Restate word for word the lines below from the one that has "- как правило, в" through the one that has "تمرین احیاء قلبی", keeping both and dropping all pictures.

• Data to process:

◇ ◇ ◇

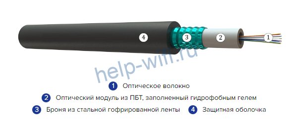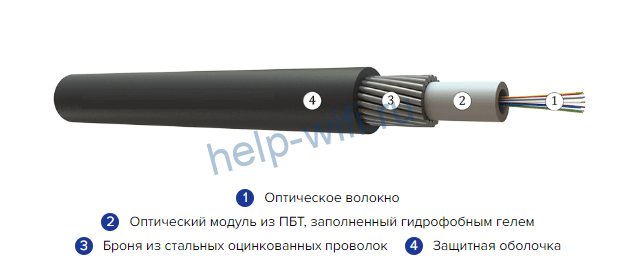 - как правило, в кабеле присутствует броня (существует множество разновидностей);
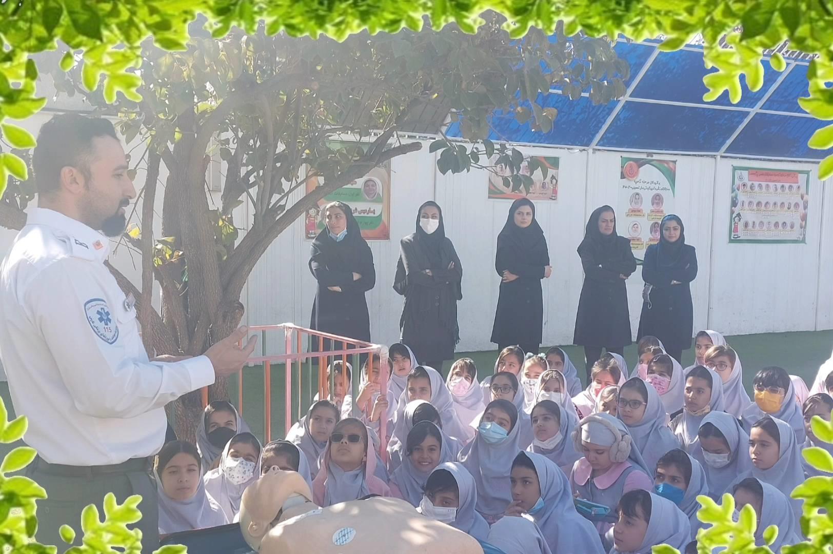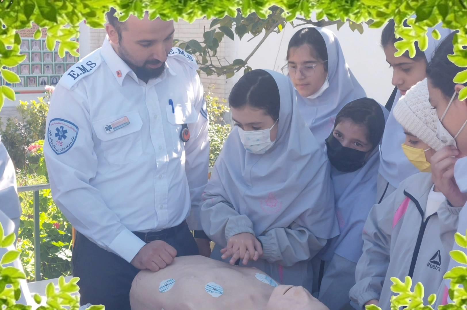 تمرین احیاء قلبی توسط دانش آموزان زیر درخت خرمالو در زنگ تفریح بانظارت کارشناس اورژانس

◇ ◇ ◇

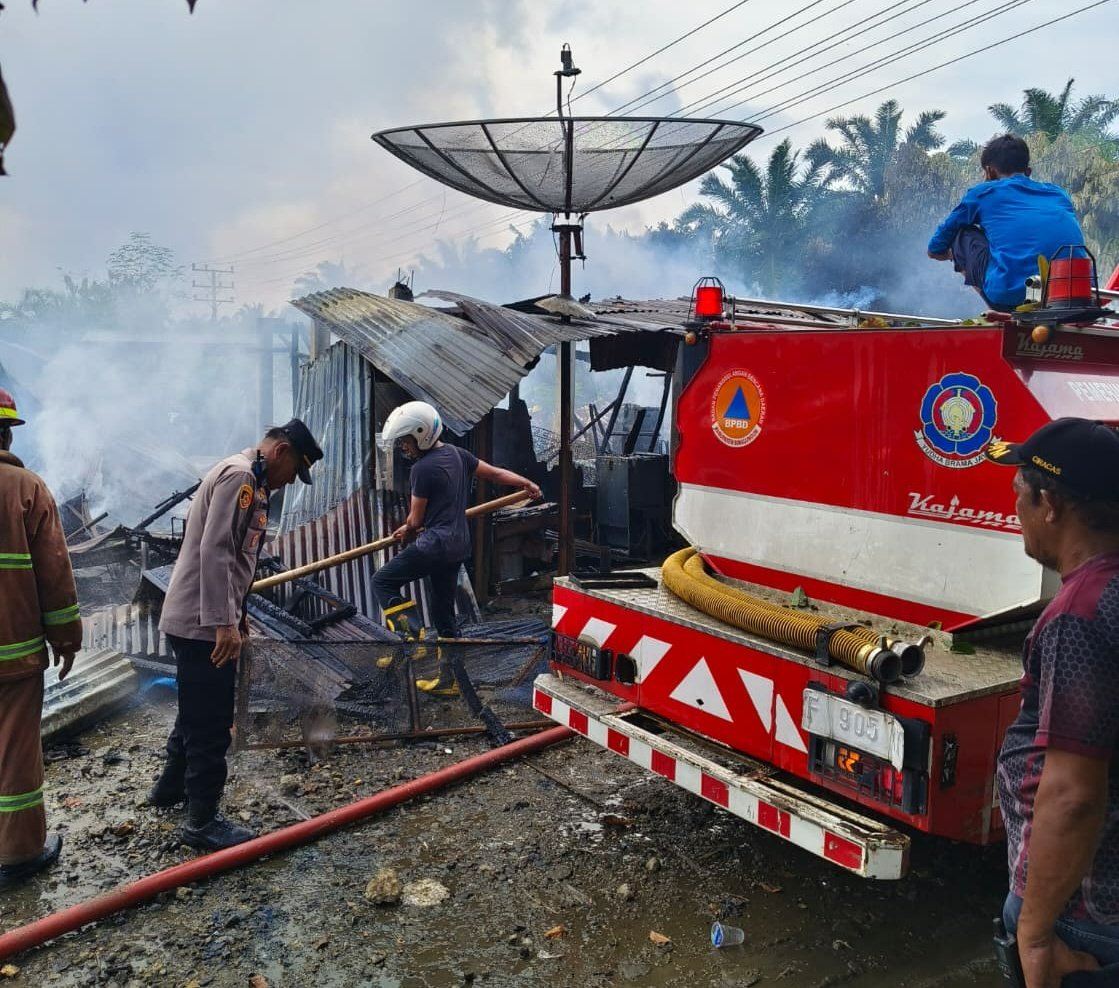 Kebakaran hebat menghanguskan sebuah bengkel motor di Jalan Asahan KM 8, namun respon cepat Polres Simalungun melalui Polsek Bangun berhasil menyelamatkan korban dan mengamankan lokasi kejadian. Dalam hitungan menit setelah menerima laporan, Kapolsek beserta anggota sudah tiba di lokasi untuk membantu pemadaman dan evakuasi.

◇ ◇ ◇

• Response area:
 - как правило, в кабеле присутствует броня (существует множество разновидностей);
 تمرین احیاء قلبی توسط دانش آموزان زیر درخت خرمالو در زنگ تفریح بانظارت کارشناس اورژانس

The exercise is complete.